- Adjusted operating income USD 27.6 billion and adjusted net income USD 6.43 billion in 2025.
- Equity production of liquids and gas 2,137 mboe/d (+3.4%) and renewable power 3.67 TWh (+25%) in 2025.
- Organic capital expenditures USD 13.1 billion; net debt to capital employed (adjusted) 17.8%; ROACE 14.5%.
- Operated scope 1 and 2 emissions down 34% since 2015 to 10.1 Mt CO2e, upstream CO2 intensity 6.3 kg CO2/boe and net carbon intensity -4% vs 2019.
Safety
Equinor recorded its lowest ever serious incident frequency of 0.21 per million hours in 2025 (down from 0.3 in 2024); several serious incidents and one fatality at Mongstad highlight ongoing safety gaps.

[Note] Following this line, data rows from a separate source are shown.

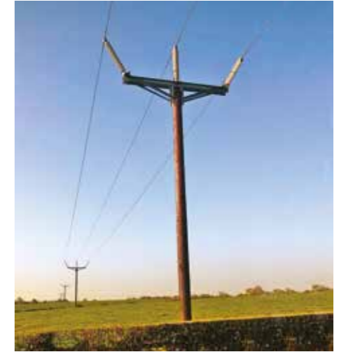
Single wood pole Trident – approx. 12m

landowner requests when determining the best location for poles on site.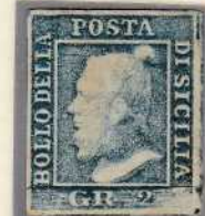
GR. 2 light blue (Naples paper)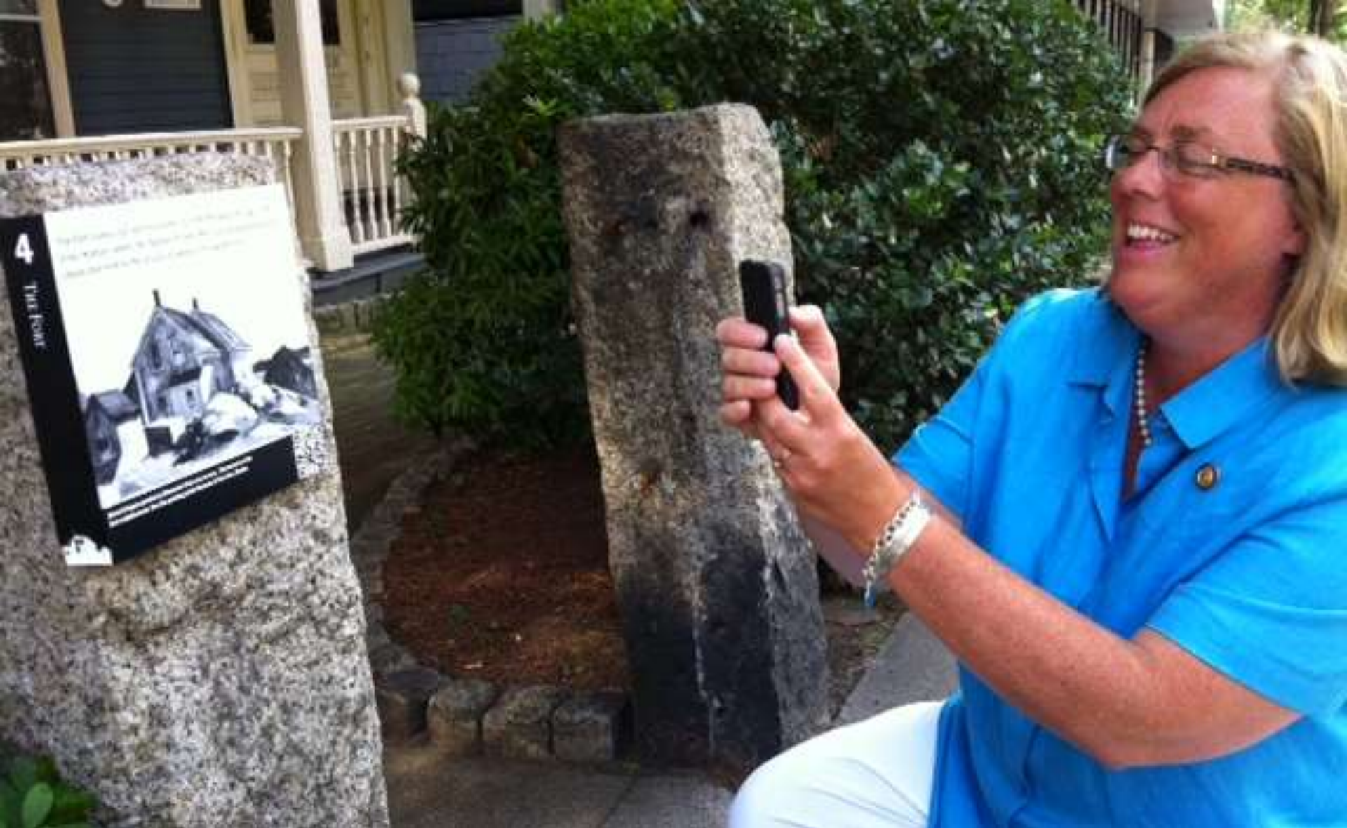
Scanning a QR code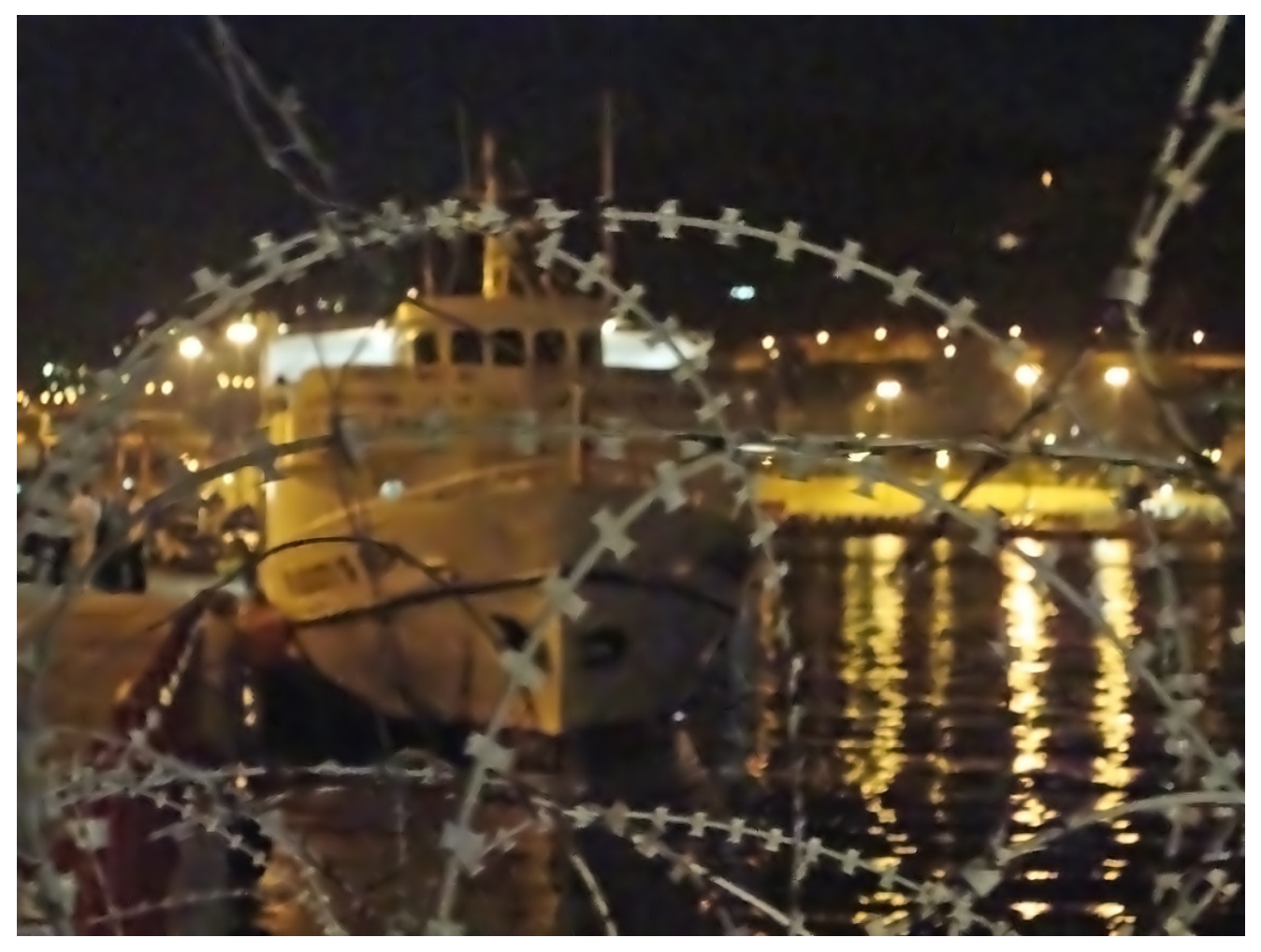
Impounded at a military dock, the Audacity of Hope is out of action ... for now.

Financial and operational performance
Adjusted operating income USD 27.6bn and adjusted net income USD 6.43bn; net operating income USD 25.4bn and net income USD 5.06bn; ROACE 14.5%; organic capex USD 13.1bn; adjusted net debt to capital employed 17.8%; paid USD 20.5bn in corporate income taxes (USD 19.7bn in Norway).
Production and portfolio
Equity liquids and gas production 2,137 mboe/d (+3.4%); renewable power 3.67 TWh (+25%); new production from Johan Castberg, Halten East tie-back and Bacalhau; Peregrino divested; Adura JV established; progressed Empire Wind, Dogger Bank and Bałtyk 2&3; sanctioned Northern Lights phase 2 and advanced phase 1 start-up.
Energy transition
Operated scope 1 and 2 emissions down 34% since 2015 to 10.1 Mt CO2e; upstream CO2 intensity 6.3 kg CO2/boe (below industry average); updated Energy Transition Plan with adjusted ambitions and net carbon intensity reduced 4% vs 2019.